Over the next six months, more than 600 sensor cameras will be deployed in bushfire-affected areas across Australia, monitoring and evaluating the surviving wildlife populations. This nationwide effort is part of An Eye on Recovery, a large-scale collaborative camera sensor project, run by the World Wide Fund for Nature (WWF) and Conservation International, with the support of a $1 million grant from Google.org. Using Wildlife Insights, a platform powered by Google’s Artificial Intelligence technology, researchers across the country will upload and share sensor camera photos to give a clearer picture of how Australian wildlife is coping after the devastating bushfires in the past year.
Why is this important?
For many Aussies, the horror of last summer’s fires is still very raw and real. Up to 19 million hectares were burned (more than 73,000 square miles), with 12.6 million hectares primarily forest and bushland. Thirty-three lives were lost and 3,094 homes destroyed. And the wildlife toll? A staggering three billion animals were estimated to have been impacted by the flames.
The scale of the damage is so severe that one year on—as we prepare for the next bushfire season—WWF and scientists are still in the field conducting ecological assessments. Our findings have been sobering. Nearly 61,000 koalas, Australia’s most beloved marsupial, are estimated to have been killed or impacted. Over 300 threatened species were affected, pushing more of our precious wildlife on the fast-track towards extinction.
Hope will prevail
In November, I travelled to Kangaroo Island in South Australia to place the first 100 of the sensor cameras in bushfire-ravaged areas. Though much of the native cover has been decimated by the flames, the island’s wildlife has shown signs of recovery.
One animal at risk from the flames is the Kangaroo Island dunnart, an adorable, grey-coloured, nocturnal marsupial so elusive that a researcher told WWF that she’d never seen one in the field. We were fortunate to capture this creature of the night on one of our cameras.

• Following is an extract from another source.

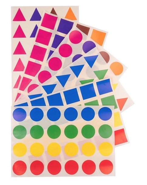 Gommettes géométriques grandes tailles de formes et couleurs différentes.

But if I hadn’t told you that was a dunnart, you might have thought it was a mouse. And as anyone with thousands of holiday photos will tell you, sorting and organizing heaps of camera pictures and footage can be labor-intensive and time-consuming. Analyzing camera sensor pictures traditionally requires expertise to determine the best pictures (and which ones you can just delete), and you can get hundreds of empty images before you strike gold.
How AI can help
With the Wildlife Insights platform, we can now identify over 700 species of wildlife in seconds and quickly discard empty images, taking the tedium out of the process and helping scientists and ecologists make better and more informed data assessments.

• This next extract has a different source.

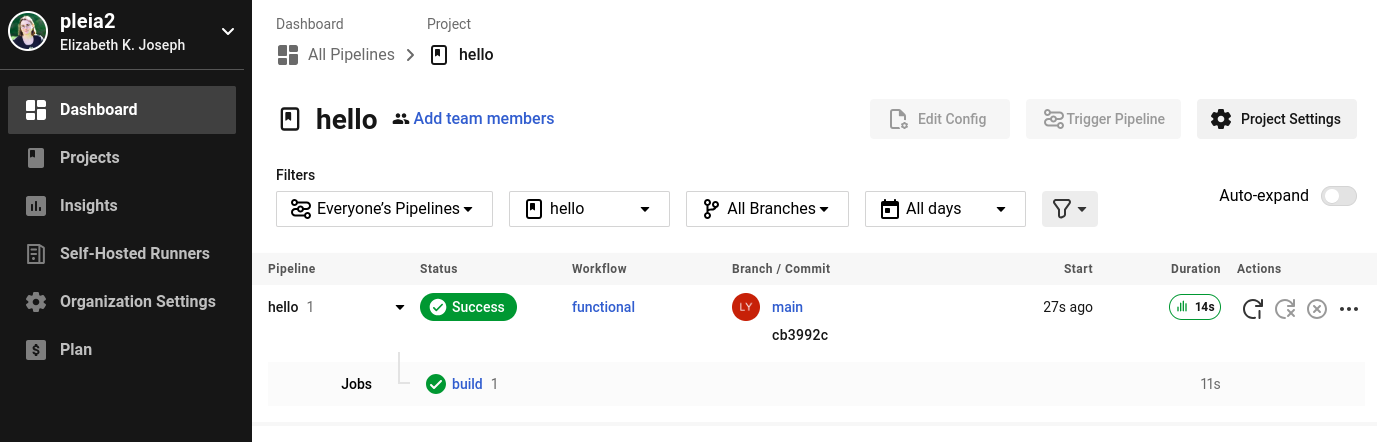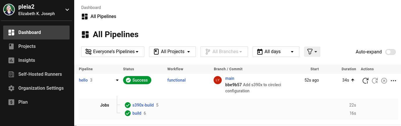 Congratulations! You’ve now tested code with CircleCI. This initial example uses a hosted, containerized x86 environment provided by CircleCI. We now want to move forward with setting up testing for s390x.

The platform will help us identify wildlife in landscapes impacted by last summer’s bushfires, including the Blue Mountains, East Gippsland, South East Queensland, and of course Kangaroo Island. We’re particularly keen to see species like the Hastings River Mouse, a native rodent that was already endangered before fire tore through its habitat in northern New South Wales, and the brush-tailed rock-wallaby, which lost vital habitat and food to blazes in the Blue Mountains.
These images will help us to understand what species have survived in bushfire zones and determine where recovery actions are needed most.
Join us to safeguard species
The platform is still growing, and the more images we feed it, the better it will get at recognizing different types of animals. While we’re already rolling out hundreds of sensor cameras across the country, we are calling for more images—and asking Australians to help. If you have any sensor camera footage, please get in touch with us. We’re looking for images specifically from sensor cameras placed in animal’s habitats, rather than wildlife photography (as beautiful as these pictures may be).
With your help, we can help safeguard species such as the Kangaroo Island dunnart, marvel at their bright beaming eyes on film, and protect their environment on the ground--so future generations can continue to enjoy the richness of Australia’s wildlife.